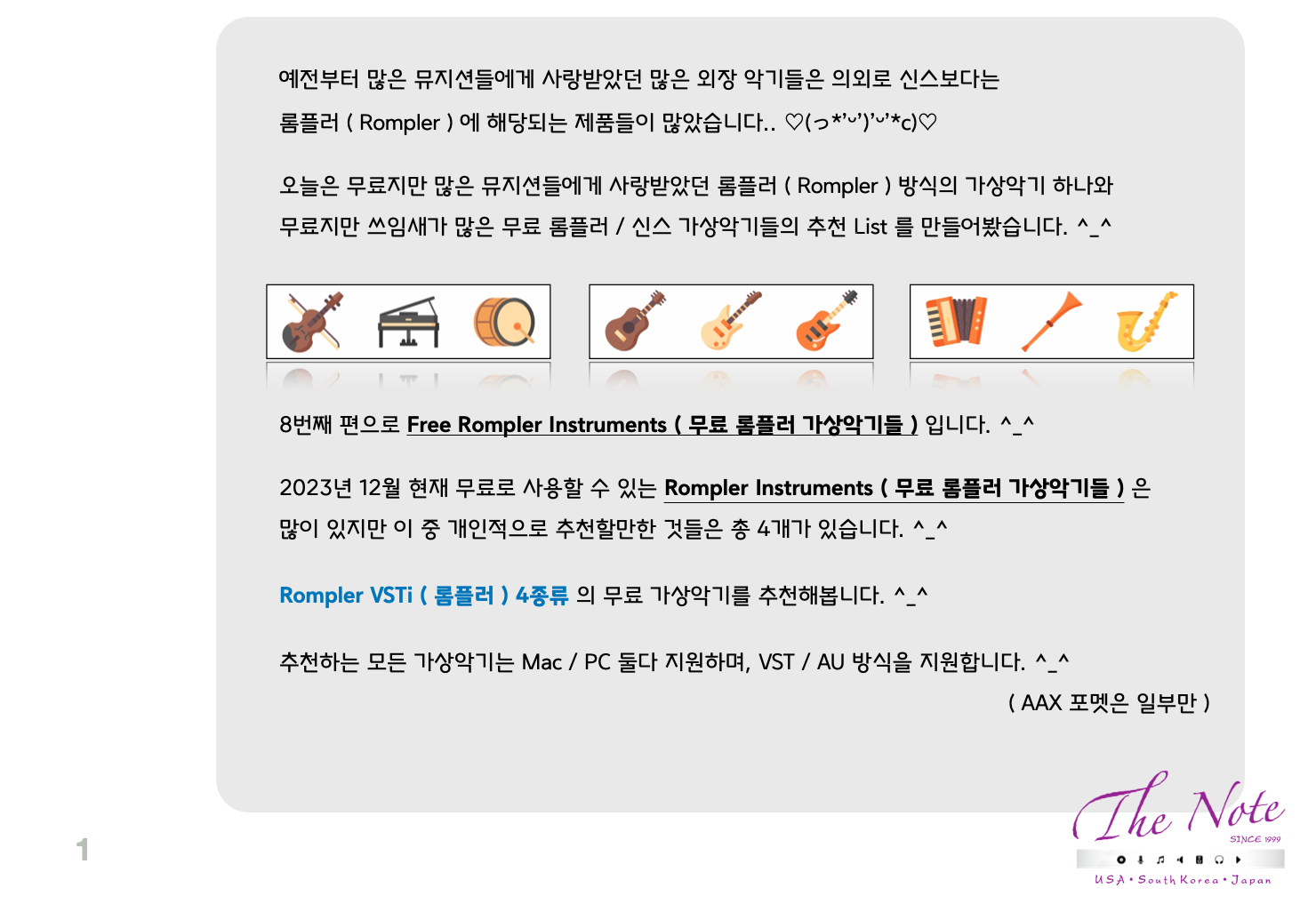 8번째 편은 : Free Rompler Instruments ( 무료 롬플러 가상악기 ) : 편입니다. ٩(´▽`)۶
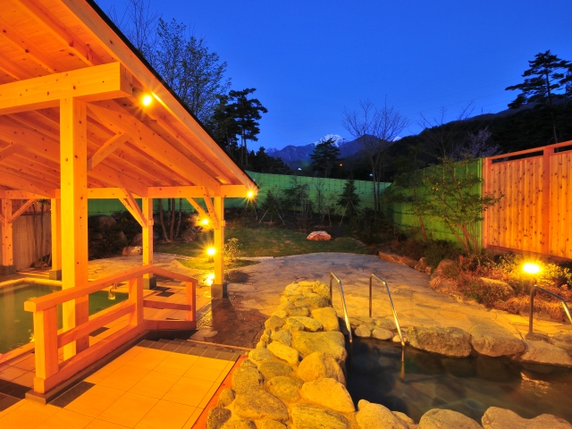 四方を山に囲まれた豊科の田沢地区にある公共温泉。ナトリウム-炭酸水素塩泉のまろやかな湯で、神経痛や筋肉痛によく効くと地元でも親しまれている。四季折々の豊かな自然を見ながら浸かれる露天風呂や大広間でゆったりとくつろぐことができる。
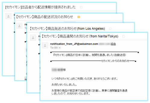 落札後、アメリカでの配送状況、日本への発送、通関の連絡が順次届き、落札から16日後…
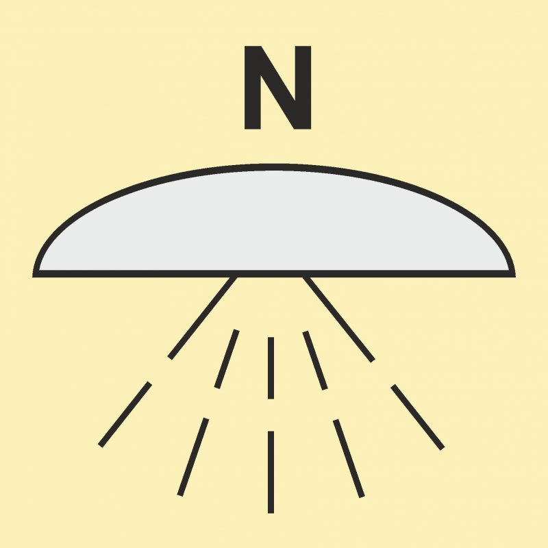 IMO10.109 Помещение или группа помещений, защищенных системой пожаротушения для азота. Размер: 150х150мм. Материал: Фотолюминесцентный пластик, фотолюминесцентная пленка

= TASK TO COMPLETE =
Each line above must be set down exactly, though no picture should be carried over.

= SOLUTION TO THE PROBLEM =
 8번째 편은 : Free Rompler Instruments ( 무료 롬플러 가상악기 ) : 편입니다. ٩(´▽`)۶
 四方を山に囲まれた豊科の田沢地区にある公共温泉。ナトリウム-炭酸水素塩泉のまろやかな湯で、神経痛や筋肉痛によく効くと地元でも親しまれている。四季折々の豊かな自然を見ながら浸かれる露天風呂や大広間でゆったりとくつろぐことができる。
 落札後、アメリカでの配送状況、日本への発送、通関の連絡が順次届き、落札から16日後…
 IMO10.109 Помещение или группа помещений, защищенных системой пожаротушения для азота. Размер: 150х150мм. Материал: Фотолюминесцентный пластик, фотолюминесцентная пленка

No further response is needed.